5.7. Anxiety among Audience

Anxiety among the audience is another challenge faced during experimenting with new ideas. For example, al-Balushi et al. [ 53 ] have attempted to teach the critical concepts of 12th grade chemistry through animation. However, the students facing stressful periods due to the important exam in 12th grade made them anxious about the adoption of new teaching technology, which negatively affected the results. Nevertheless, the study still showed healthier results with improved spatial ability and reasoning skills of those students.

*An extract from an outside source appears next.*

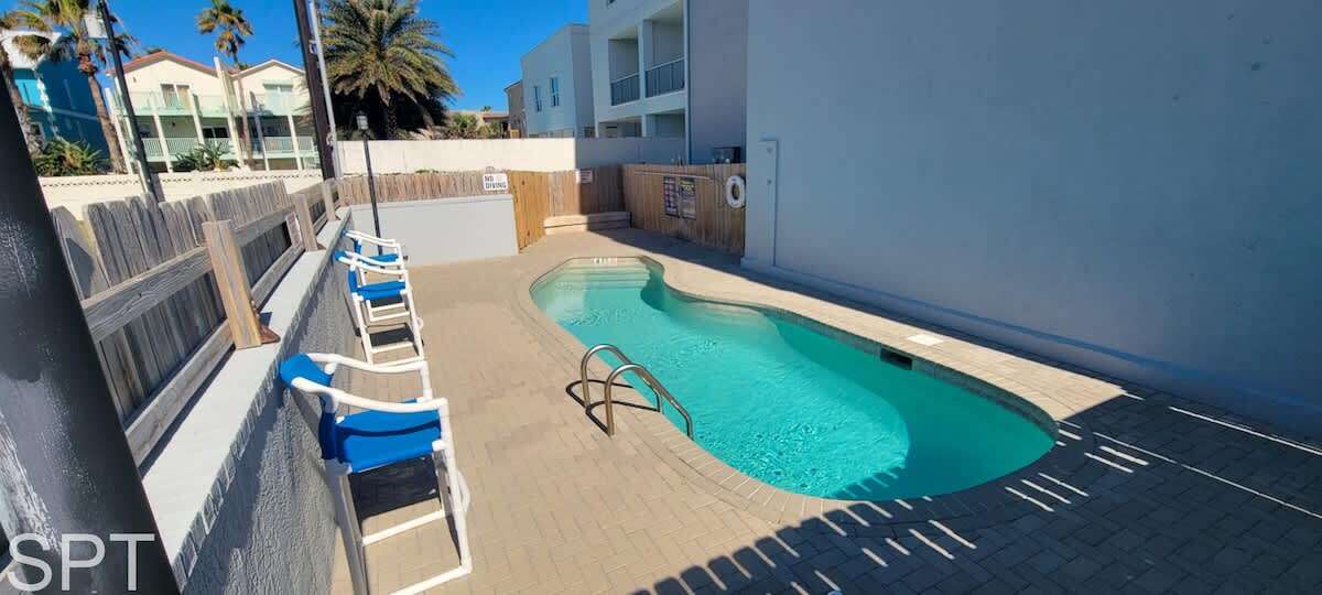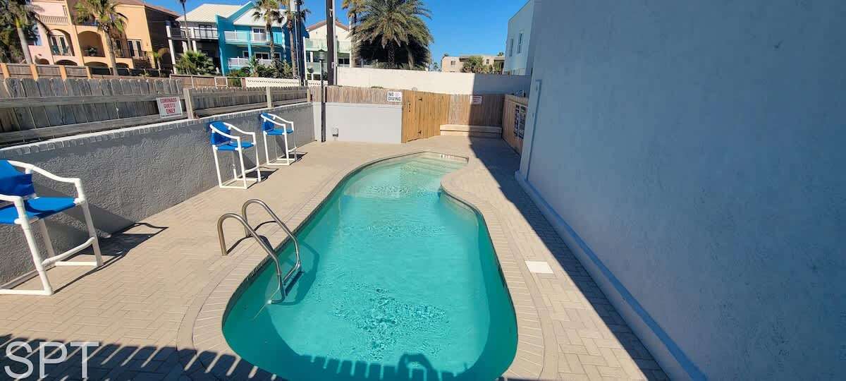 There is a community use pool, but it is not heated, please note. If you want a beach umbrella or pop up set up for you, there is a guy that does it for about $50 USD per day. Remember, South Padre Island is open container, cooler friendly on the beach just no glass. BBQing is allowed on the beach, but not at this complex, patio, pool, nor parking area,

5.8. Maintaining Audience Attention

Another challenge in making animation successful is maintaining the viewer's attention. Attention can be influenced by various factors like animation span, animation intensity, animated character, the motion of the animated character, and sound. Likewise, it may be affected by intervening factors such as restlessness of the audience in the real-time study settings and eye irritation. This situation can be overcome by conducting studies in a silent room where the audience can focus on the visual animation without getting distracted by external factors [ 49 ]. In some cases, the audience may get distracted by the instructions provided in the animation video [ 39 ].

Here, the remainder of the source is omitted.